__WHAT YOU WILL DO__:
Given the listing below, write out exactly the lines starting with the line that has "difference of 5.1%." and going on through the line that has "(點此下載) 或魔方 (點此下載)中的系統設置關閉休眠功能。", both kept.

__ENTRIES PROVIDED__:
= = = = = = =

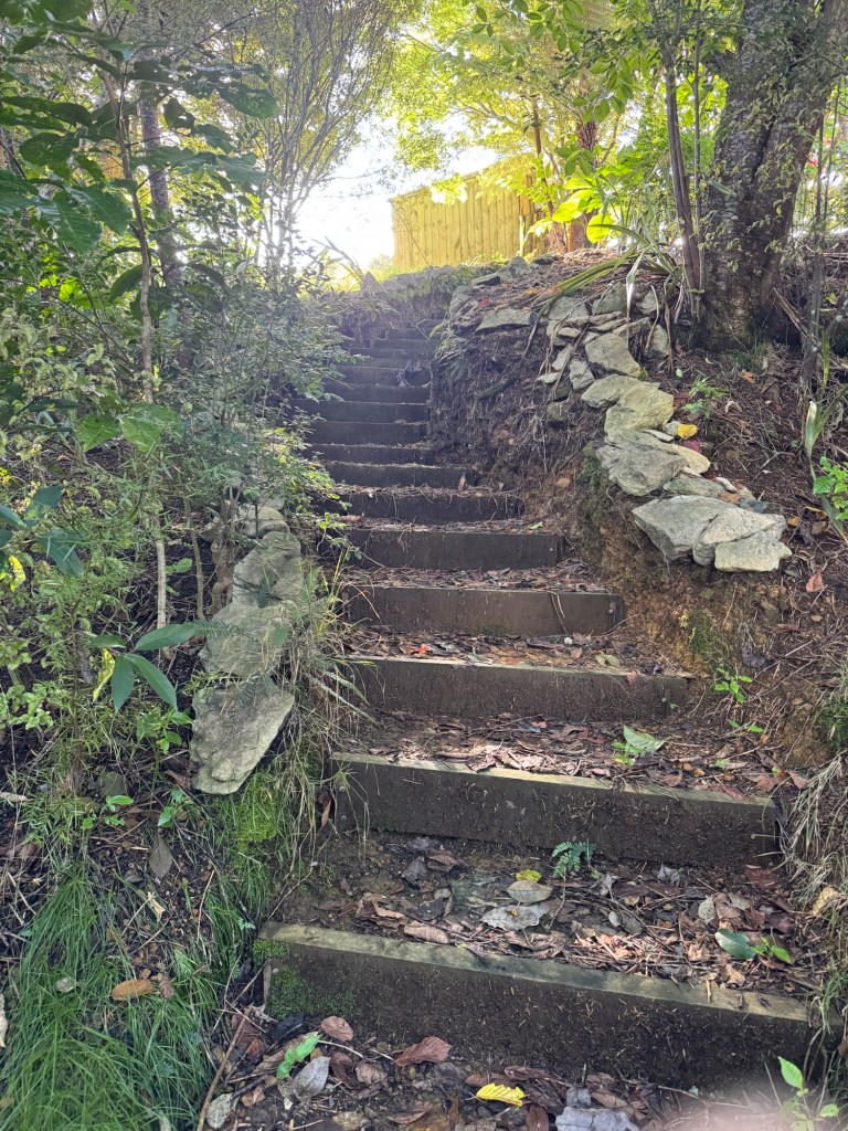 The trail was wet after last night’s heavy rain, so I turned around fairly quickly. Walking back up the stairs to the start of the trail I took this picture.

= = = = = = =

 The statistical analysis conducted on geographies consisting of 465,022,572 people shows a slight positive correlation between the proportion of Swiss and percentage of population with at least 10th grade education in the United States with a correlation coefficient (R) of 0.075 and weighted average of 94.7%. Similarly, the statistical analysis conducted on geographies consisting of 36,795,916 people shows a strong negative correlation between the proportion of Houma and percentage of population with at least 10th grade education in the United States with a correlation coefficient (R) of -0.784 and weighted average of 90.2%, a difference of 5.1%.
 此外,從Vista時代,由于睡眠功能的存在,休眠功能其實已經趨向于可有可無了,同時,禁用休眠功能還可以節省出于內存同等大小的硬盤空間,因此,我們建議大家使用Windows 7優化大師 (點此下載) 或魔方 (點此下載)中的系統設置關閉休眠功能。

= = = = = = =

__TASK RESPONSE__:
 The statistical analysis conducted on geographies consisting of 465,022,572 people shows a slight positive correlation between the proportion of Swiss and percentage of population with at least 10th grade education in the United States with a correlation coefficient (R) of 0.075 and weighted average of 94.7%. Similarly, the statistical analysis conducted on geographies consisting of 36,795,916 people shows a strong negative correlation between the proportion of Houma and percentage of population with at least 10th grade education in the United States with a correlation coefficient (R) of -0.784 and weighted average of 90.2%, a difference of 5.1%.
 此外,從Vista時代,由于睡眠功能的存在,休眠功能其實已經趨向于可有可無了,同時,禁用休眠功能還可以節省出于內存同等大小的硬盤空間,因此,我們建議大家使用Windows 7優化大師 (點此下載) 或魔方 (點此下載)中的系統設置關閉休眠功能。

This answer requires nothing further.